The two-storey, nine-unit apartment at 45 Spencer Street is being considered by council for a conversion to condominiums. Photo by Robert Washburn

The conversion of a nine-unit apartment building on Spencer Street East will not reduce the amount of affordable housing in Cobourg, the town planner said Thursday.
An application from Rodger Cooper to convert the existing rental apartment at 45 Spencer Street East, on the southeast corner of John and Spencer streets, came before the planning advisory committee Wednesday. It recommends council should approve the conversion.
The units will sell for approximately $115,000 to $127,000. Current tenants will not be affected by the conversion. Under the provincial legislation, current tenants can continue to live in the apartments. They cannot be evicted based solely on the conversion. And, they can continue to live and pay rent.
“We do look at the issue of affordability in order to make sure it is the right thing to do,” Town Planner Glenn McGlashon said.

The town meets the Canadian Mortgage and Housing Corporation vacancy rate, which would indicate if there was a shortage of affordable housing, he said.

In 10 years, two other apartments have made similar application and both were approved, he added.

The corporation and the Ministry of Municipal Affairs and Housing state that a vacancy rate of 3 per cent is acceptable. Any lower and it means there are not enough affordable places to live. Higher means there are too many.

Cobourg has an overall score of 3.1 per cent. Recent statistics from the housing corporation show the number of one-bedroom apartments is slightly tight at 2.2 per cent.

The town included an affordable housing policy in its new official plan, currently before the ministry awaiting final approval. In the new policy the town is studying a number of options to encourage affordable housing.
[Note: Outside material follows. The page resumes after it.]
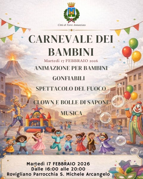 In occasione di Carnevale 2026 previsti due appuntamenti a Torre Annunziata per bambini e famiglie.

One option is to reduce development charges, McGlashon said. These are fees paid by developers to defray costs of bringing services to a site and prevent local taxpayers from bearing the financial burden of development.
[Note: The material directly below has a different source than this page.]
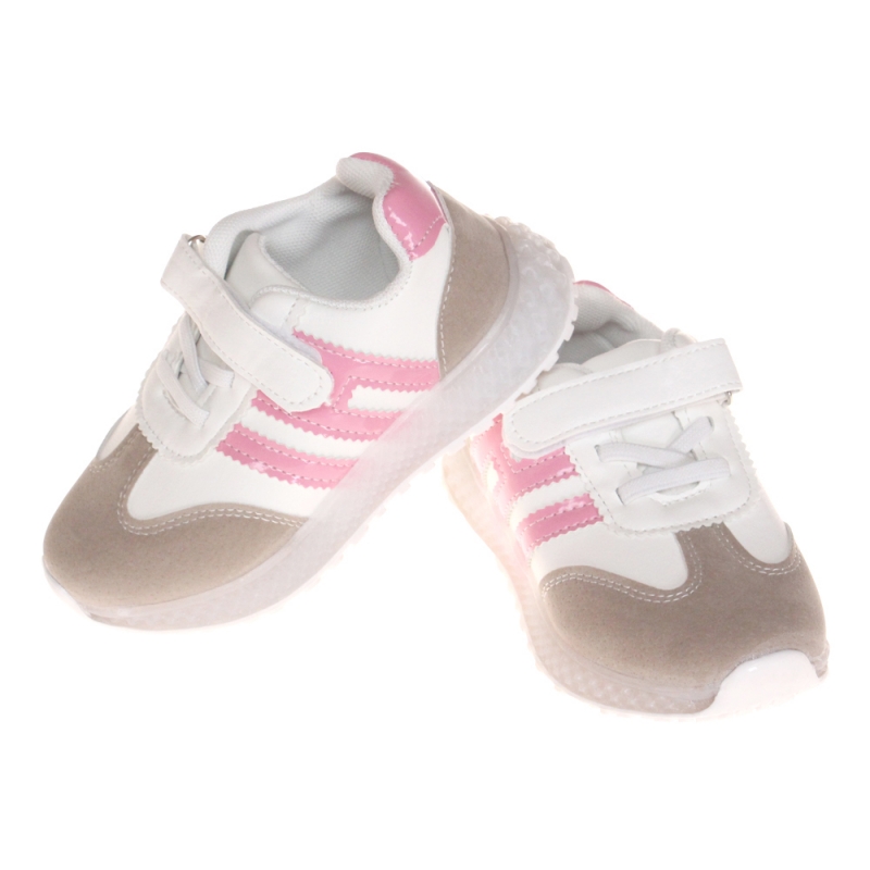 Dětské tenisky svítící se špičkou pruhy růžové

Another option is demanding a percentage of units in a development must be affordable. If not, the developer would pay into a housing reserve fund to be used to fund affordable units.

Still another option is allow people to create apartments in existing homes. By allowing someone to create a basement apartment, for example, increases the number of affordable units with little impact, McGlashon added.

The town can also work more closely with the Northumberland County Housing Authority, which is responsible for finding housing for people in need.

“Everyone has the right in our society to have access to good affordable housing,” he said.

Once approved, affordable housing may not be at the top of the list of planning priorities. With a good vacancy rate, there may be other items that will get dealt with more quickly, McGlashon said. If the vacancy rate was lower, obviously it would become more urgent, he added.

The recommendation from the committee will go before council Monday night.